Later that day, the portrait was dedicated in a service in the cathedral’s crypt, titled “Remember, Reflect, Resolve,” near the site where Shepard’s ashes were interred in 2018, 20 years after his death.
Matthew Wayne Shepard (1976-1998) was a gay student at the University of Wyoming when he was attacked and tied to a fence in a field outside of Laramie, Wyo., and left to die. Five days later, he succumbed to his injuries at the age of 21. In 2009, the Matthew Shepard Foundation was instrumental in the passage of the Matthew Shepard and James Byrd, Jr. Hate Crimes Prevention Act, the first federal hate crime statue to expand the protected classes to include a victim’s sexual orientation, gender identity or disability. His final resting place is marked with a plaque in St. Joseph’s Chapel, dedicated in December 2019.

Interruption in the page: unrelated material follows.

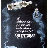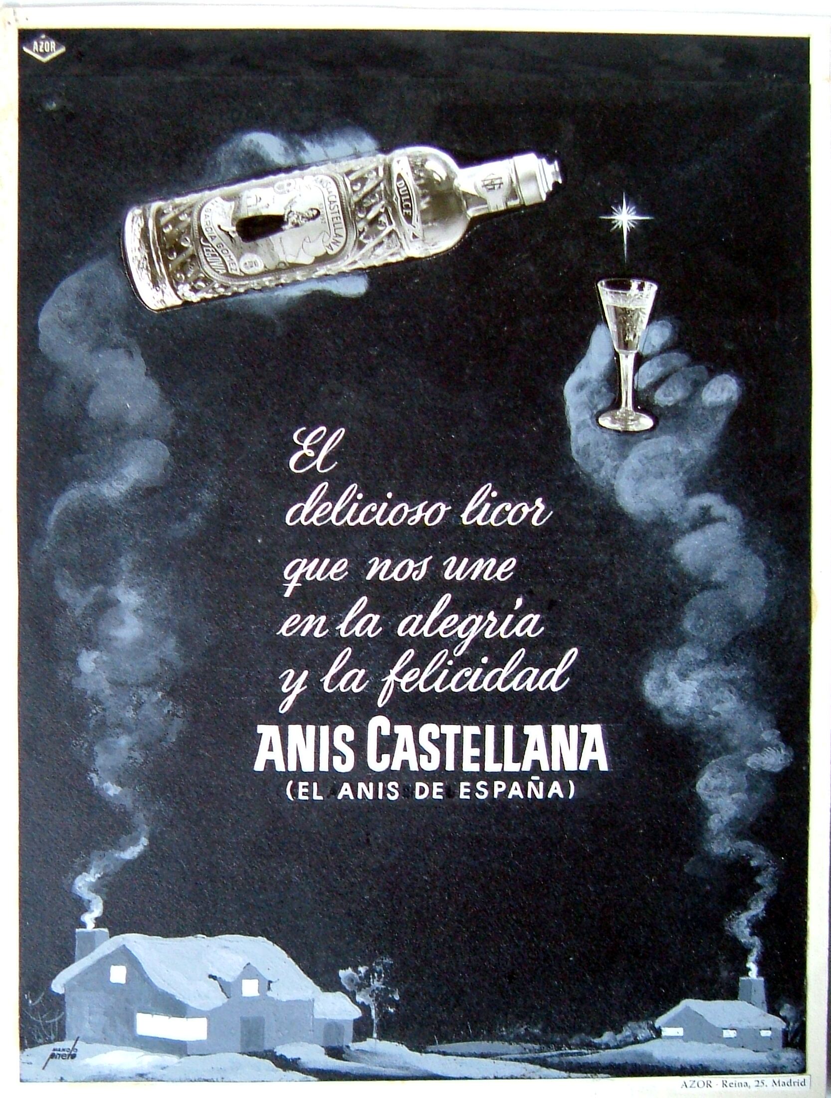 - Cartel de fondo oscuro con la imagen nocturna de dos casas con luz en las ventanas y cubiertas de nieve, de sus chimeneas sale humo que va ascendiendo convirtiéndose en unas manos que sujetan una botella de anís y una copa entre medias de las dos manos la leyenda del cartel.
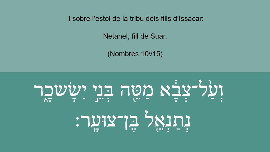 Nombres 10v15 I sobre l’estol de la tribu dels fills d’Issacar: Netanel, fill de Suar. וְעַ֙ל־צְבָ֔א מַטֵּ֖ה בְּנֵ֣י יִשָׂשכָ֑ר נְתַנְאֵ֖ל בֶּן־צוּעָֽר׃ En over het heir van den stam der kinderen van Issaschar was Nethaneel, den zoon van Zuar. And over the host of the tribe of the children of Issachar was Nethaneel the son of Zuar.KJV Nombres 10:15 And over the host of the tribe of the children of Issachar was Nethaneel the son of Zuar.LXT Nombres 10:15 καὶ ἐπὶ τῆς δυνάμεως φυλῆς υἱῶν Ισσαχαρ Ναθαναηλ υἱὸς ΣωγαρBCI Nombres 10:15 Els acompanyaven els de la tribu d'Issacar, a les ordres de Netanel, fill de Suar,__________________________________________0-CCC Nombres 10v15 I sobre l’estol de la tribu dels fills d’Issacar: Netanel, fill de Suar. WTT Nombres 10v15 וְעַ֙ל־צְבָ֔א מַטֵּ֖ה בְּנֵ֣י יִשָׂשכָ֑ר נְתַנְאֵ֖ל בֶּן־צוּעָֽר׃ SVV Nombres 10v15 En over het heir van den stam der kinderen van Issaschar was Nethaneel, den zoon van Zuar. And over the host of the tribe of the children of Issachar was Nethaneel the son of Zuar.KJV Nombres 10v15 And over the host of the tribe of the children of Issachar was Nethaneel the son of Zuar.LXA Nombres 10v15 And over the host of the tribe of the sons of Issachar, was Nathanael son of Sogar.LXT Nombres 10v15 καὶ ἐπὶ τῆς δυνάμεως φυλῆς υἱῶν Ισσαχαρ Ναθαναηλ υἱὸς ΣωγαρBCI Nombres 10v15 Els acompanyaven els de la tribu d'Issacar, a les ordres de Netanel, fill de Suar,LXE Nombres 10v15 And over the host of the tribe of the sons of Issachar, was Nathanael son of Sogar.

Shepard, an Episcopalian, had often served as an acolyte at St. Mark’s Episcopal Church in Casper, Wyo., where his funeral would eventually be held. While attending the University of Wyoming, he was involved with the school’s Canterbury Club and a student LGBTQ+ group, according to an Episcopal News Service story.
A longtime supporter of the full inclusion of lesbian, gay, bisexual and transgender people in the life of the church, the Cathedral considers LGBTQ equality one of the great civil rights issues of the 21st century. The Cathedral hosted its first same-sex wedding in 2010 and welcomed its first transgender preacher to the Canterbury Pulpit in 2014.